[Extracted information]

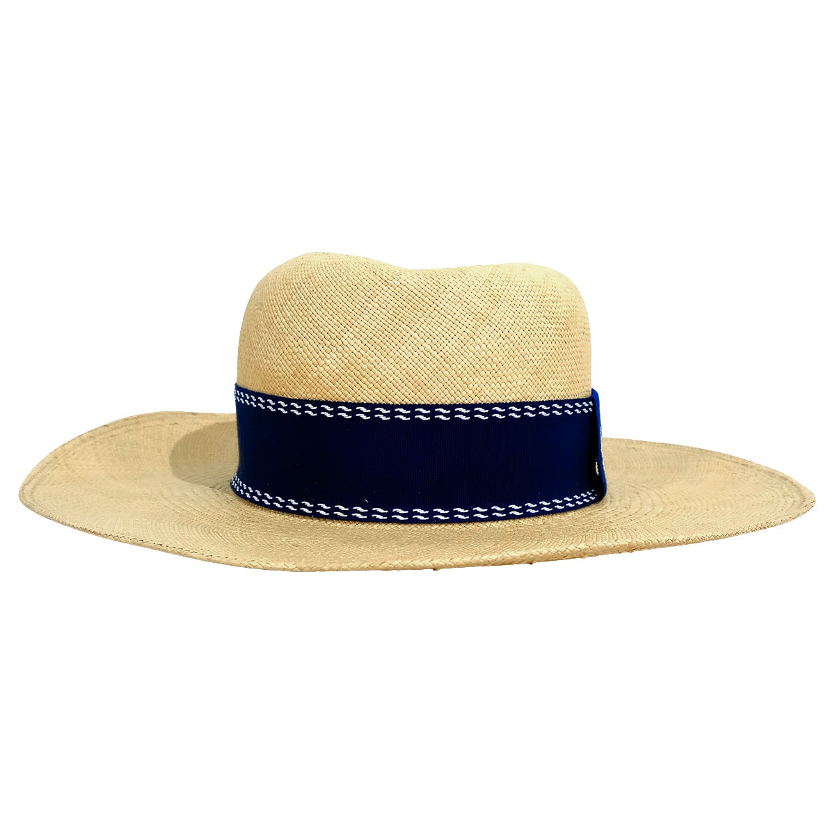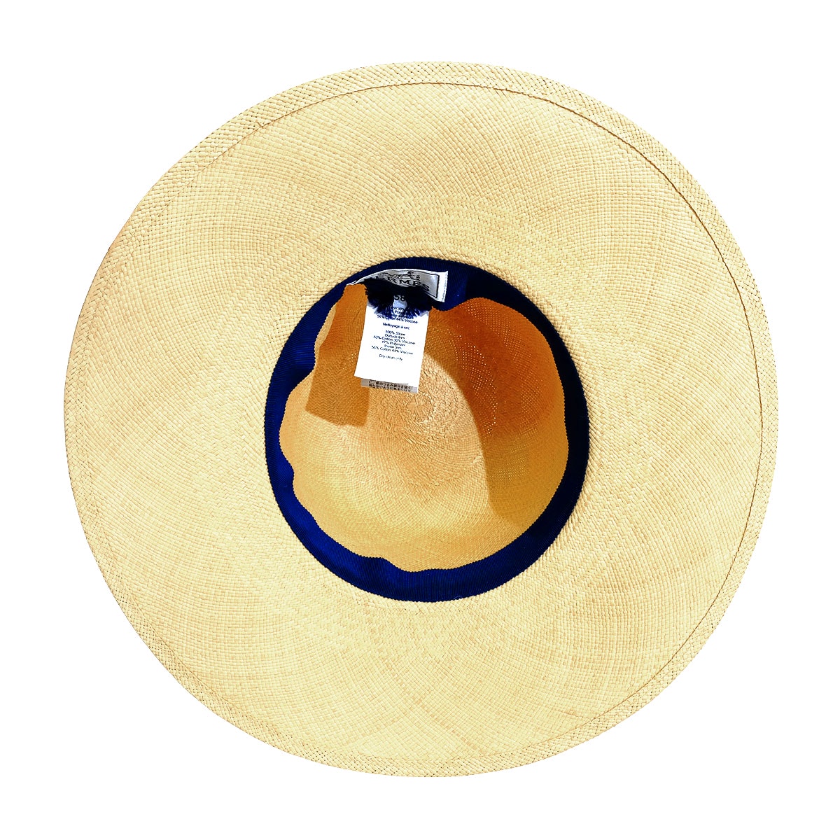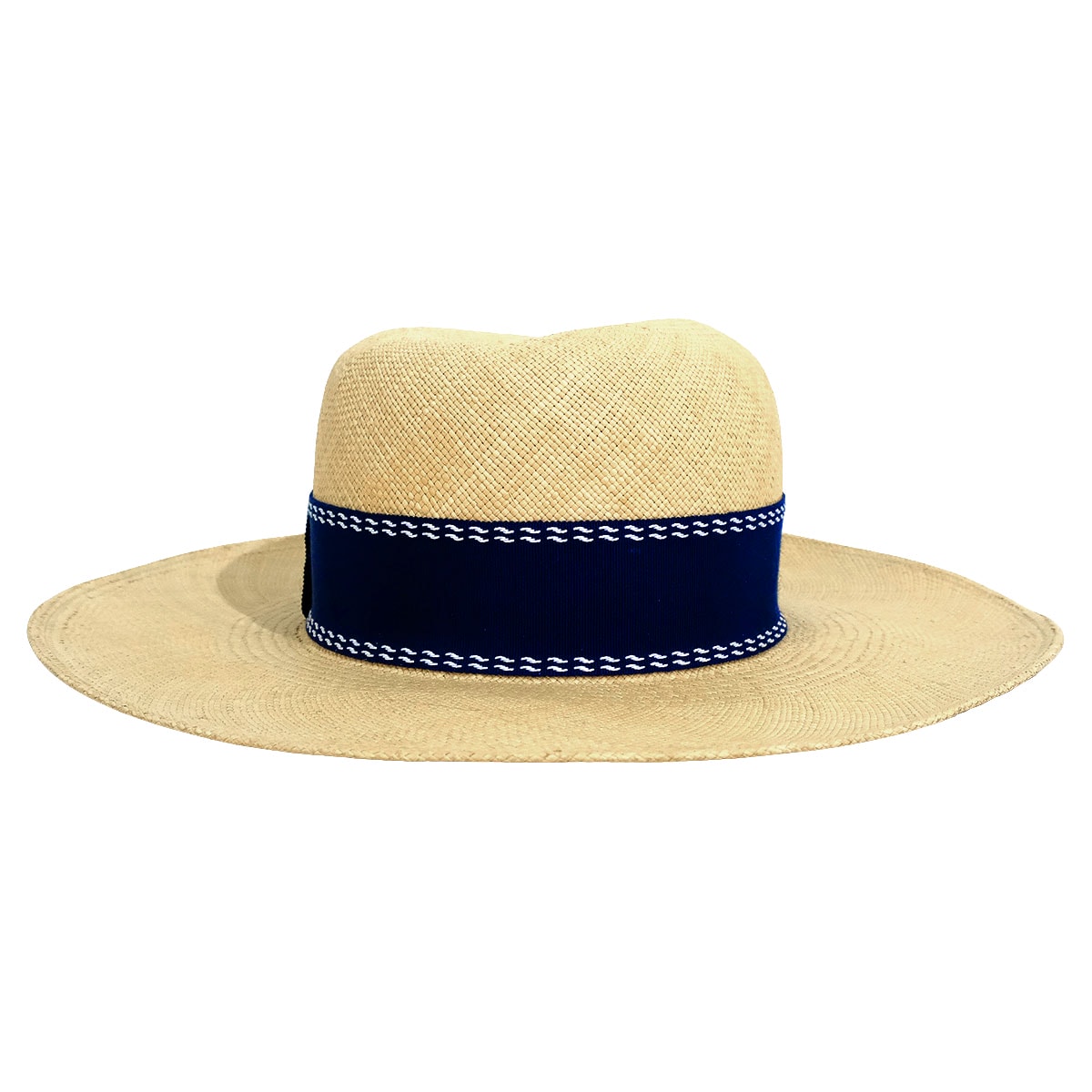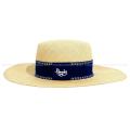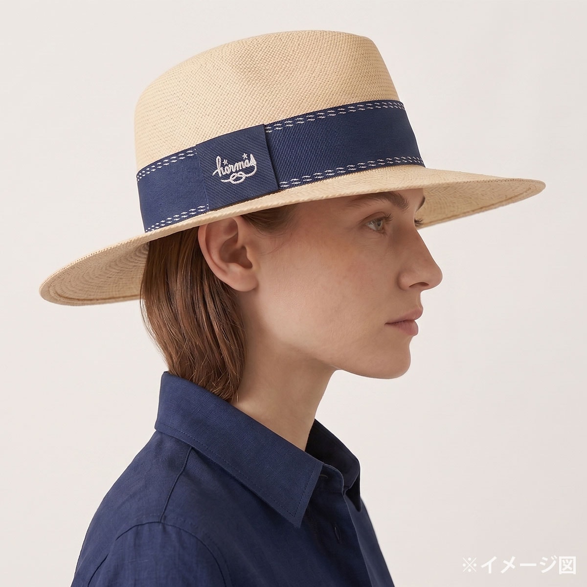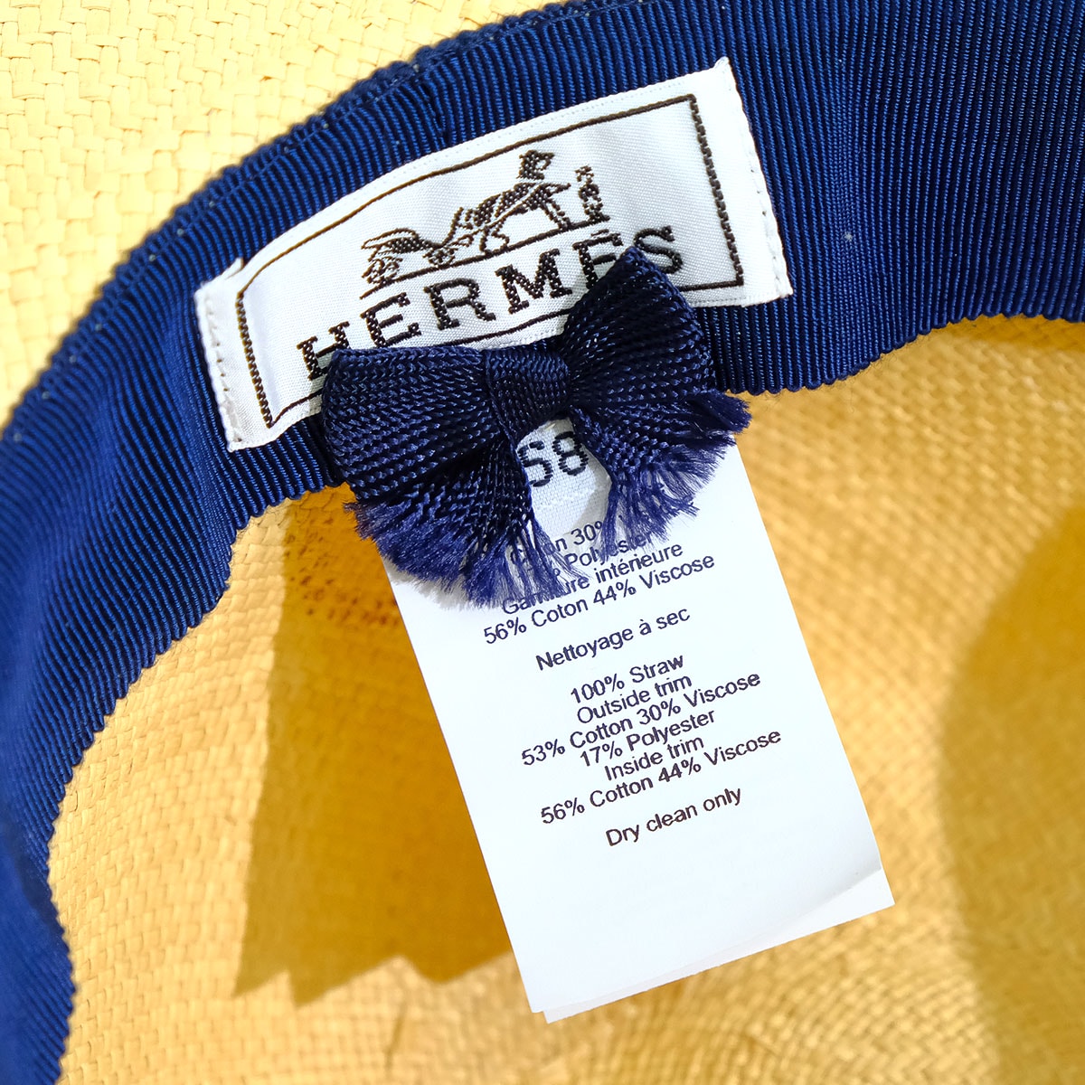 | [Pre-loved] HERMES Straw Hat Trinidad Logo Embroidered Ribbon #58 Beige/Navy Straw/Cotton/Rayon/Polyester[LIKE NEW][Authentic] |
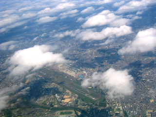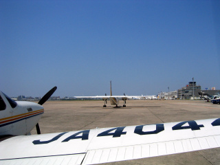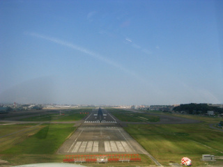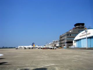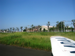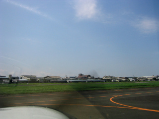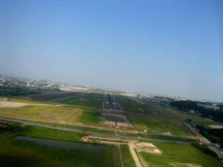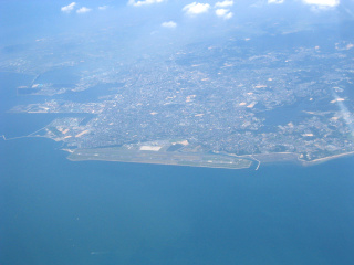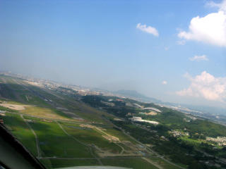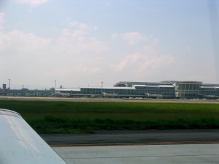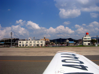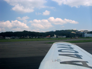 八尾と同じように雲も少ない青空です。飛行機から降りてみると湿度が高く、大阪よりもかなり蒸し暑い感じです。 |
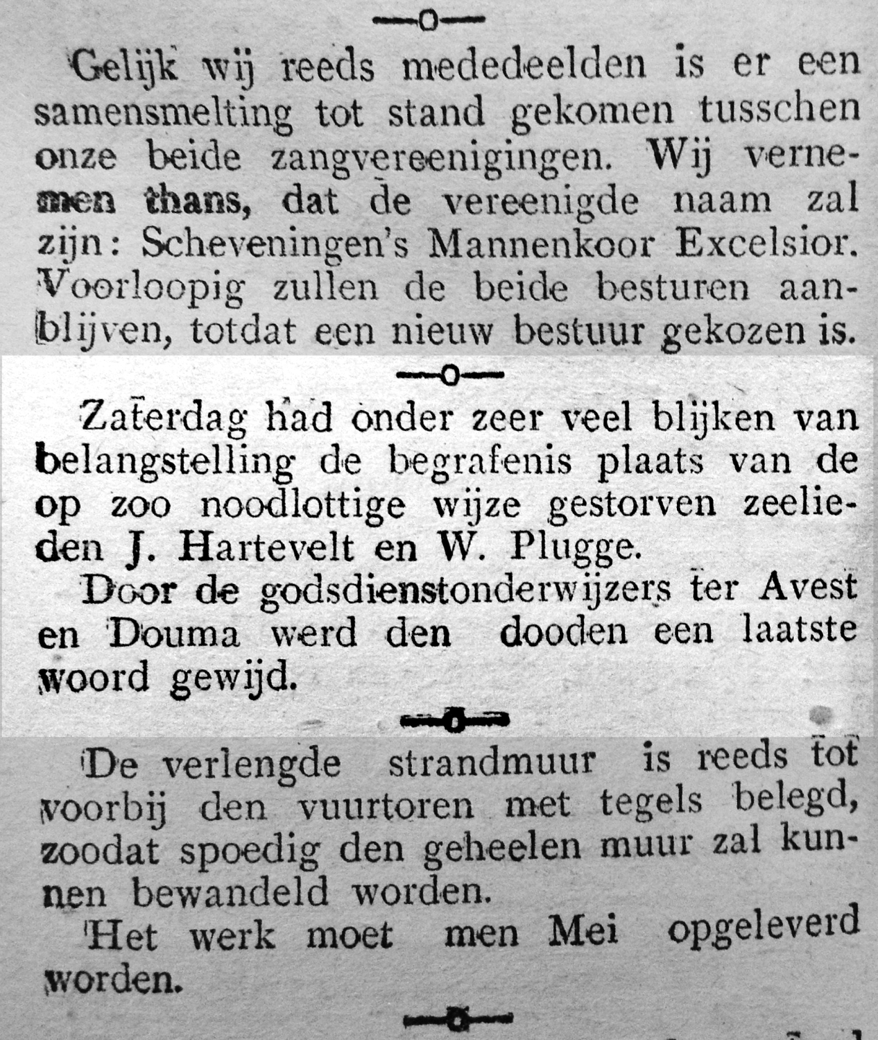 Een stortzee sloeg de schipper zodanig tegen het dek en de verschansing aan dat hij naast een gapende hoofdwond en een hersenschudding nog een verbrijzeld been opliep. Een matroos raakte zwaar gekneusd aan een been. De schipper Joris Harteveld overleed echter binnen enkele uren aan zijn verwondingen. Het lichaam werd te Vlaardingen aan wal gebracht en vervolgens naar zijn woning te Scheveningen vervoerd. Op 28 november vond de gezamenlijke begrafenis met die van Minnekus Plugge, stuurman van de SCH 47, plaats. De Scheveningse godsdienstleraren Ter Avest en Douma leidden de plechtigheid.
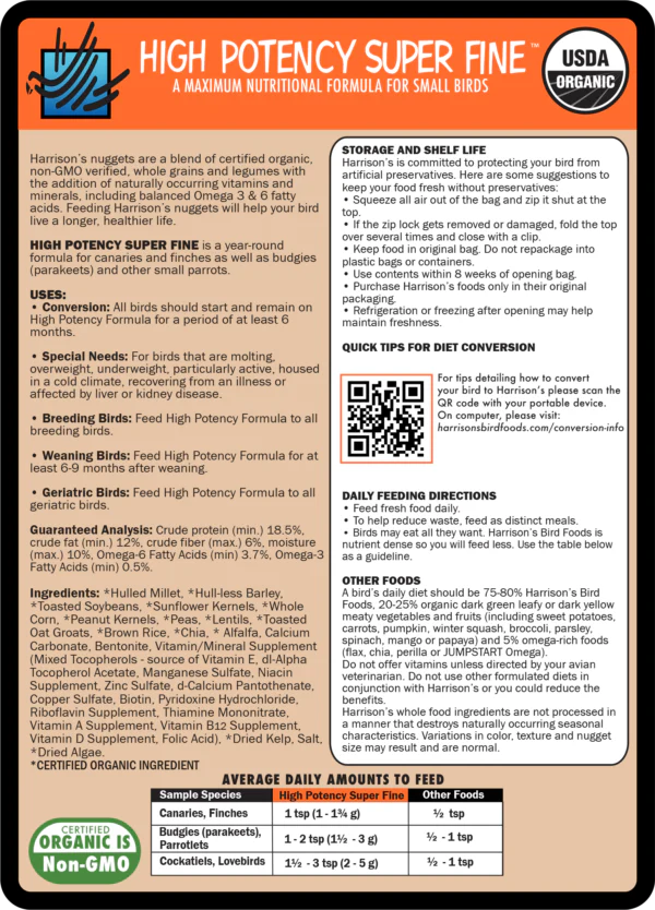 Harrison’s nuggets are a blend of certified organic, non-GMO verified, whole grains and legumes with the addition of naturally occurring vitamins and minerals, including balanced Omega 3 & 6 fatty acids. Feeding Harrison’s nuggets will help your bird live a longer, healthier and happier life. HIGH POTENCY SUPER FINE is a year-round formula for canaries and finches as well as budgies (parakeets) and other small parrots.
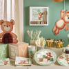 - Features a cute teddy bear sitting on building blocks, surrounded by mint green, duck egg blue, and neutral shades of creams and taupe
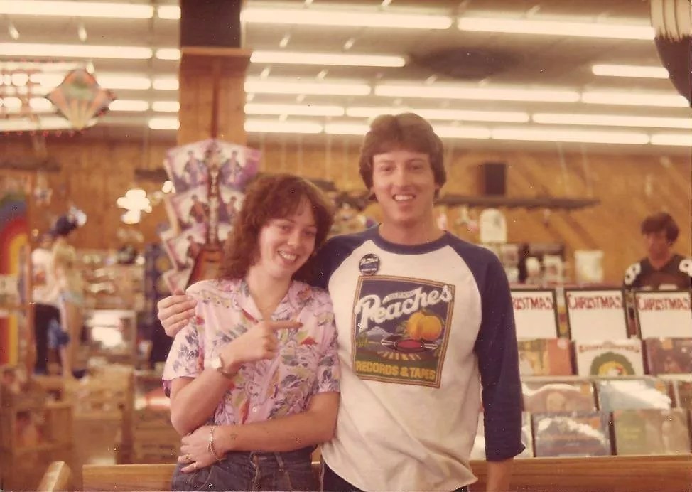 Step back in time as you imagine a 10,000-square-foot store with wood-paneled walls and faux-red-brick flooring that stretched for days. Wooden fruit crates, overflowing with vinyl records, bore the colorful signature peach logo. Six-foot-tall album-cover replicas lined the façade, spotlighted for all to admire. They and the merchandise bearing the familiar logo were staples of a beloved music sanctuary.
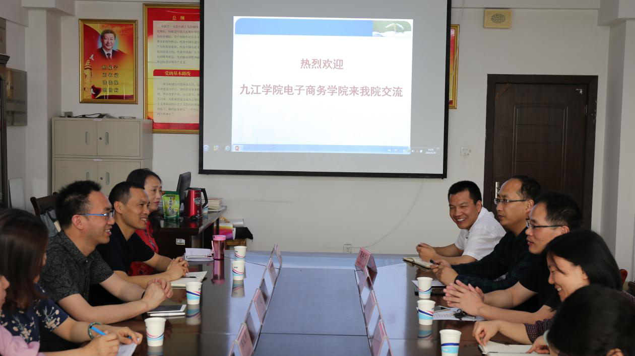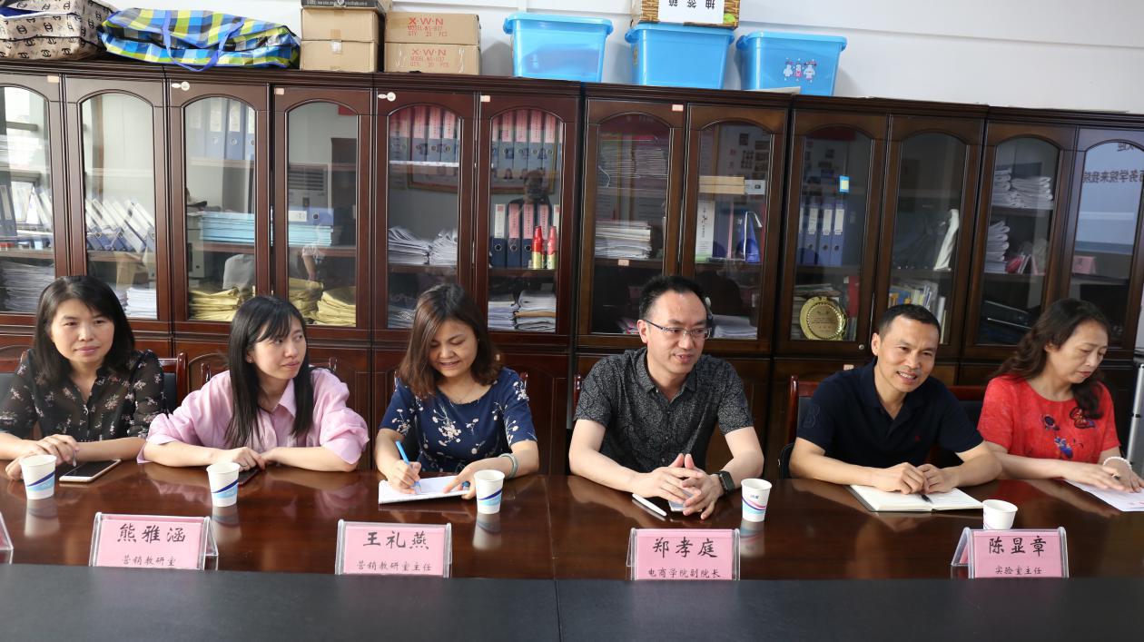5月29日,九江学院电商学院副院长郑效庭、市场营销教研室主任王礼燕、实验室负责人陈显章等一行来到工商管理学院进行交流。学院领导热情接待了郑院长一行,并在综合楼903办公室召开了交流会。经贸学院电子商务专业教师崔晓慧、工商管理学院市场营销教研室主任易娇艳、经济学教研室主任聂群华及市场营销专业教师黄博文、厉宗萍参加了交流会。

[/Extracted information]

All of the entries above are to be restated word for word, minus the images.

## Answer section
 | [Pre-loved] HERMES Straw Hat Trinidad Logo Embroidered Ribbon #58 Beige/Navy Straw/Cotton/Rayon/Polyester[LIKE NEW][Authentic] |
 八尾と同じように雲も少ない青空です。飛行機から降りてみると湿度が高く、大阪よりもかなり蒸し暑い感じです。 |
 Een stortzee sloeg de schipper zodanig tegen het dek en de verschansing aan dat hij naast een gapende hoofdwond en een hersenschudding nog een verbrijzeld been opliep. Een matroos raakte zwaar gekneusd aan een been. De schipper Joris Harteveld overleed echter binnen enkele uren aan zijn verwondingen. Het lichaam werd te Vlaardingen aan wal gebracht en vervolgens naar zijn woning te Scheveningen vervoerd. Op 28 november vond de gezamenlijke begrafenis met die van Minnekus Plugge, stuurman van de SCH 47, plaats. De Scheveningse godsdienstleraren Ter Avest en Douma leidden de plechtigheid.
 Harrison’s nuggets are a blend of certified organic, non-GMO verified, whole grains and legumes with the addition of naturally occurring vitamins and minerals, including balanced Omega 3 & 6 fatty acids. Feeding Harrison’s nuggets will help your bird live a longer, healthier and happier life. HIGH POTENCY SUPER FINE is a year-round formula for canaries and finches as well as budgies (parakeets) and other small parrots.
 - Features a cute teddy bear sitting on building blocks, surrounded by mint green, duck egg blue, and neutral shades of creams and taupe
 Step back in time as you imagine a 10,000-square-foot store with wood-paneled walls and faux-red-brick flooring that stretched for days. Wooden fruit crates, overflowing with vinyl records, bore the colorful signature peach logo. Six-foot-tall album-cover replicas lined the façade, spotlighted for all to admire. They and the merchandise bearing the familiar logo were staples of a beloved music sanctuary.
5月29日,九江学院电商学院副院长郑效庭、市场营销教研室主任王礼燕、实验室负责人陈显章等一行来到工商管理学院进行交流。学院领导热情接待了郑院长一行,并在综合楼903办公室召开了交流会。经贸学院电子商务专业教师崔晓慧、工商管理学院市场营销教研室主任易娇艳、经济学教研室主任聂群华及市场营销专业教师黄博文、厉宗萍参加了交流会。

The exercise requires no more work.